The New York Subway.

Now, let me set this straight. I like the London Underground. I actually enjoy using it, and am not one of the many Londoners who slag it off every time something breaks. It’s old, things like that are going to happen, and I can accept that- there’s no point in getting stressed about it (unless I get stuck at that signal just outside Seven Sisters when it’s crowded and I’m stood up- for some reason, it just makes me uncomfortable).

I also have a minor obsession with it. Some of you will know about my pointless little trips around it, but don’t worry- I’m not sad enough to be classified as a trainspotter (yet).

One of the things I was looking forward to was getting to grips with a whole different beast- the New York Subway. It’s much bigger than London’s, and it runs 24 hours (something which is, sadly, impossible back home), and should (in theory) be utterly wonderful.

But it isn’t. It’s rubbish.

Granted, it lacks the weirdos that inhabit Paris’s Metro system, but the first hint that this isn’t going to be plain sailing is this free ‘pocket-size’ map, which is the size of a small country.

Not only is it massive, but it’s also ridiculously confusing. For example, let’s say you wanted to go to 23rd St. The logical thing would be to go to 23rd St station, right?

Five different stations, five different lines. Actually, no- make that seventeen lines, because some moron thought, ‘oooh- wouldn’t it be great if four lines shared the same color?’

Well, two things to him. Firstly, it’s ‘colour.’ Secondly, you, sir, are an idiot. It’s the most stupid possible way of mapping numerous different routes. I don’t care if they run on the same track for large portions of the line- some of them don’t actually stop at all the stations on that route! How the hell am I supposed to know that?!

It’s therefore safe to assume, then, that it’s also the same moron who decided not to bother putting up signs on the platforms telling you where you’re going- or even where you are, for that matter. There’s a sign that says ‘Uptown’ or ‘Downtown,’ complete with the terminus, but forgetting to mention where else the trains stop. There are hardly any maps on the platforms (or in the ticket offices either, for that matter), there are express and local trains that run side by side (meaning you need to switch platforms to go in the opposite direction), nobody seems to know which stations the express trains skip (unless you can find the one bit of A4 paper stuck to one of the hundreds of pillars on the seemingly endless and overcrowded platforms), and the whole thing is just disorganised chaos.

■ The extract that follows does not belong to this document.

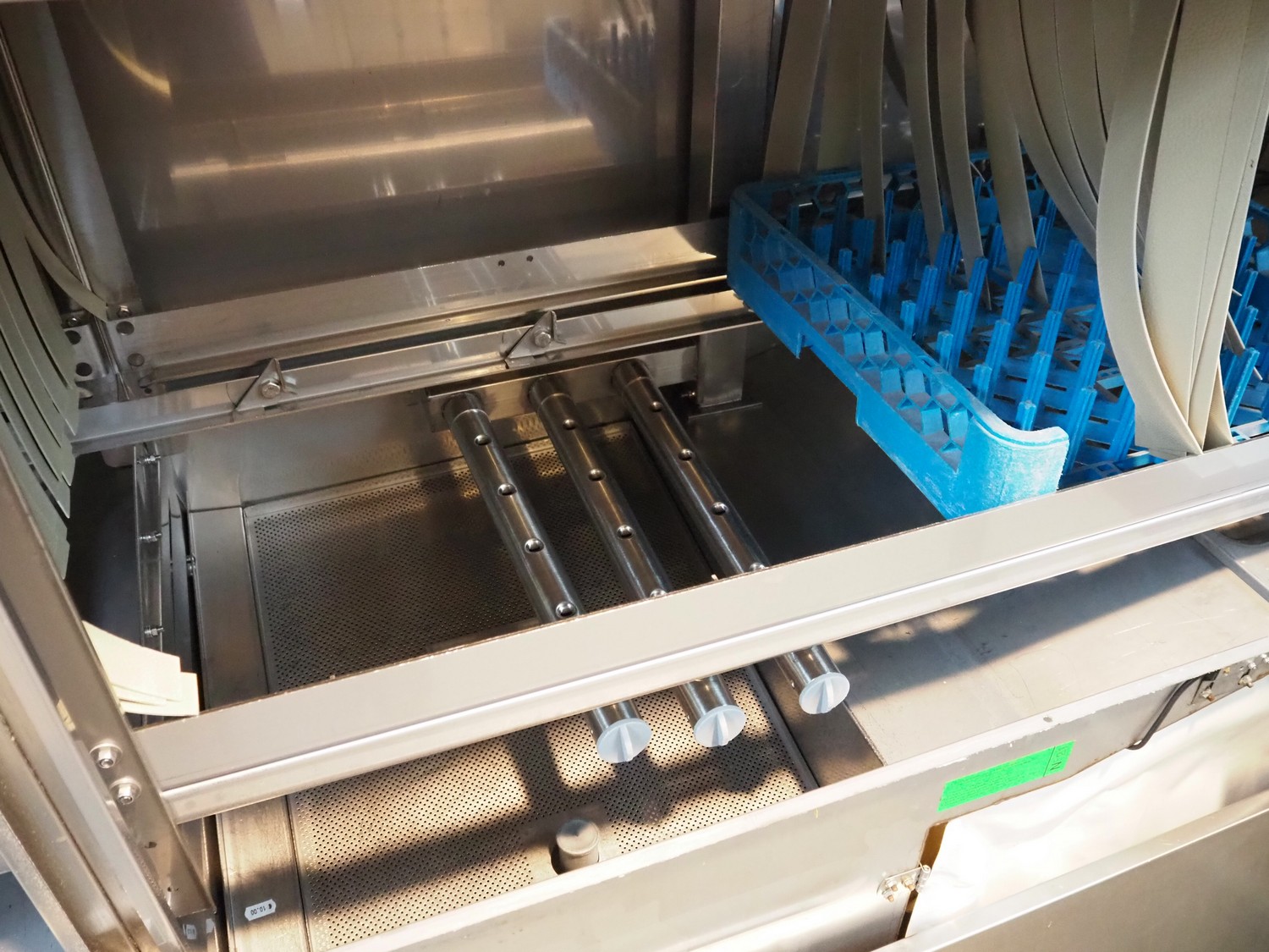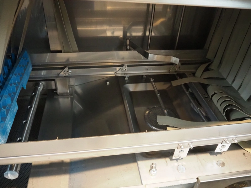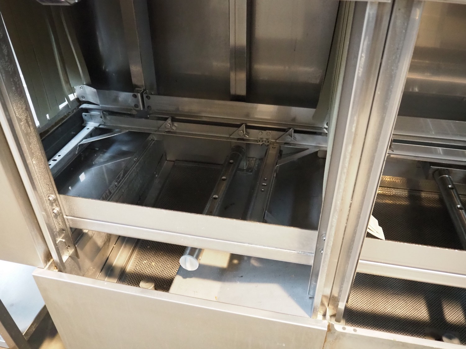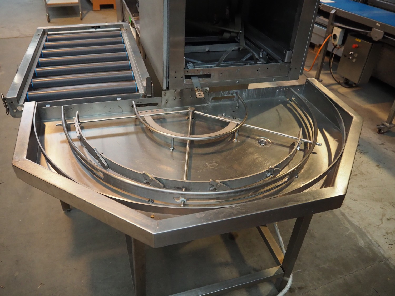Colged dishwasher, type: PL220 DDI, serial number: 114918, year of construction: 2005, 400 V, 63 A, 35.5 kW, dimensions sink: 940 mm x 840 mm x 1150 mm, dimensions dishwasher: 3000 mm x 800 mm x 1890 mm, dimensions 180° curve: 1400 mm x 820 mm x 850 mm, dimensions roller conveyor: 1150 mm x 630 mm x 860 mm. Rollies not included.

There’s no ‘escalator etiquette.’ If you’re in a hurry and want to walk up the escalator (or you just want to go slightly faster than the pathetically slow speed they run at), you can’t. You’ll find your path blocked on both sides by people who aren’t going to move for you. They’re generally the ones who shoved you out of the way to get on the thing in the first place.

Then, there’s the ‘regularity’ issue. Even on one of the four line platforms, it’s not uncommon to sit there for 15 minutes with NO trains whatsoever passing through (either express OR local). And there’s no indicator boards to say how long you’re going to be stuck there sulking, and only the occasional unintelligible tannoy message at certain station, telling you your train is miles away. It’s usually around this point that ‘the subway’ becomes ‘the bloody subway,’ before becoming something slightly less polite.

I’ve tried to get along with it- I really have. I’m generally quite good at getting to grips with things like this, but even after two whole weeks here, the whole thing STILL makes no sense. But the odd thing is that the only people I’ve heard complaining about it have all been British.

So, what does that suggest? Are Americans just more tolerant of things being rubbish, or are the British a nation of whingers? Either way, I’d be curious to see what some of these people are like next time there’s a delay on the Piccadilly.


~ by chrispresswell on January 10, 2008.

7 Responses to “The New York Subway.”

  1. Preparing for all of this y’know, Chris! So i take it you’re now off on your next port of call?

  2. Makes the tube look brilliant in comparison, doesn’t it? 🙂

  3. Think I’d just get a cab…

  4. Yes Americans are more tolerant of things being rubbish. We expect things to suck, and totally surprised in the event that they don’t, which is rare. Just try taking public transport in LA, and let me know what you think of it….. Oh and Yes you British complain more, you expect things to work, and are always dissapointed when they don’t. It’s all about lowering your expectations!

  5. […] The New York Subway. […]


  7. Yep, you’re right, the Subway is rubbish. BUT, you can travel anywhere you like for less than two dollars a day. That’s less than one British pound. Whereas the London Underground is fucking expensive. Me, I’d rather pay more and have a better Subway here in NYC, but not everyone has my middle-class bank salary and I think it’s kind of absurd how much Londoners, particularly those on the periphery – zones 5, 6 and beyond, have to pay to get to work.